Размер шрифта
-
+

Киномысль русского зарубежья (1918–1931) - стр. 113

Отсюда – невероятное богатство его возможностей. Он музицирует образами, удаляет их или приближает – кружит вокруг них, привлекает их к себе вплотную или отталкивает в глубину, схватывает их в любом ракурсе, под любым углом, снизу или сверху; поистине всевидящее око. То движение образа по экрану течет непрерывно, как одноголосая мелодия, то несколько движений сочетаются контрапунктически, вступая поочередно; взять хотя бы классический прием, коим Гриффит «фугирует» свои развязки. У него перемежаются отрезки, где героя настигает гибель, с другими, где несутся нечаянные спасители. Это состязание между трагическим роком и всеблагим Провидением мы видели в «Двух сиротках»; Аллан Дуэйн повторил его в «Робин Гуде». Но не станем обременять эти вступительные соображения дальнейшими примерами. Они нужны лишь предубежденной мысли. Кинематограф – искусство бессловесное, а стало быть, в глазах многих неполное, ибо слово притязает на исключительную привилегию выражать движения души. Но не вздумайте подходить к нашему немому со снисходительным сожалением, как к калеке. Из опыта известно, как природа «компенсирует» изъяны своих пасынков, какой тонкий слух, какое чуткое осязание бывает у слепых, какая наблюдательность у глухих. Так у немого «синема» сказывается дар зрения и прозрения, способность зрительного воображения, развивающаяся стихийно.

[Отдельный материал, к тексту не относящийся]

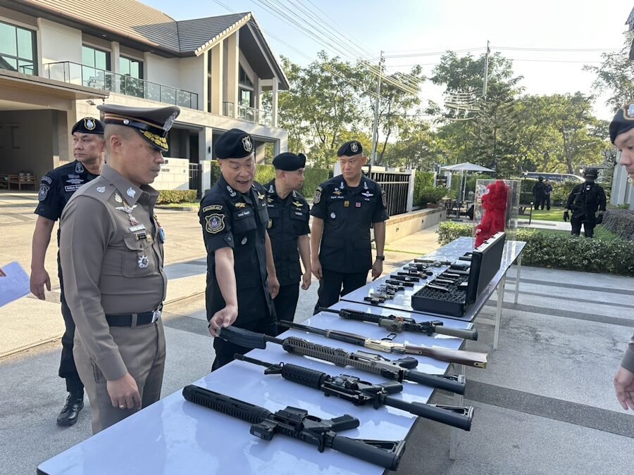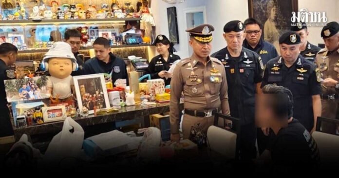 ทั้งนี้ รายงานแจ้งว่า 1 ในจุดค้นแห่งหนึ่ง คือบ้านหรูทรงยุโรป 2 ชั้น ที่หมู่บ้านหรูแห่งหนึ่ง ถนนบางแวก แขวงบางเชือกหนัง เขตตลิ่งชัน กทม. จุดดังกล่าวสามารถจับกุมผู้ต้องหาตามหมายจับได้ 2 ราย เป็นสามีชาวไทยและภรรยาชาวลาว พร้อมของกลางเป็นรถยนต์หรู 2 คัน รถจักรยานยนต์ 1 คัน เงินสดมูลค่า 1 ล้านบาท อาวุธปืนสั้น 11 กระบอก พร้อมเครื่องกระสุนจำนวนหนึ่ง อาวุธปืนยาว 5 กระบอก และตุ๊กตาหรูหลายตัว

Драма или комедия, вообще всякий театр, где говорят (балет, пантомима покоряются совершенно иным законам), причастны к риторике. Они развертываются диалектически. Полнота жизненной природы или душевного переживания сведена к словесному спору, к более или менее прикровенной борьбе логических аргументов. Участники действия со всем возможным красноречием объясняют себя и свои чувства. В этом основная условность театра. Чтобы довести до зрителя-слушателя все то, что теснит грудь и волнует душу, он изъясняет это на словах и показывает в лицах. «Мысль изреченная есть ложь», – отчаивается великий мастер речи. На этой лжи или на этой ущербленной и преобразованной словесной формой правде и зиждется театр. От этого уходит Чехов, у которого говорят бессвязные пустяки, а внутреннее действие совершается в трепетной тишине пауз. Недаром театр переживает всё новые кризисы. Непосредственное участие живых людей в художественном произведении бесконечно осложняет проблему зрелища. Реальный человек в реальном пространстве сцены разыгрывает фиктивное действие и произносит вымышленные слова. Это соединение реального и условного чинит театру неисчислимые затруднения. Правила театра, в том числе пресловутые единства, – лишь следствия этих затруднений. По французской поговорке, он «из необходимости делает добродетель». Экран сразу условнее и свободнее сцены. Условнее в том смысле, что он дает нам игру актера и место, где он играет, не непосредственно, а в проекции на плоскость, не в плоти, а в отражении. Свободнее потому, что не связан логикой словесных прений и принуждениями единств. Ему не нужно насильственно локализовать действие, ибо он может последовать за своим героем всюду. Единству места он противополагает неисчислимую множественность «кадров» и планов.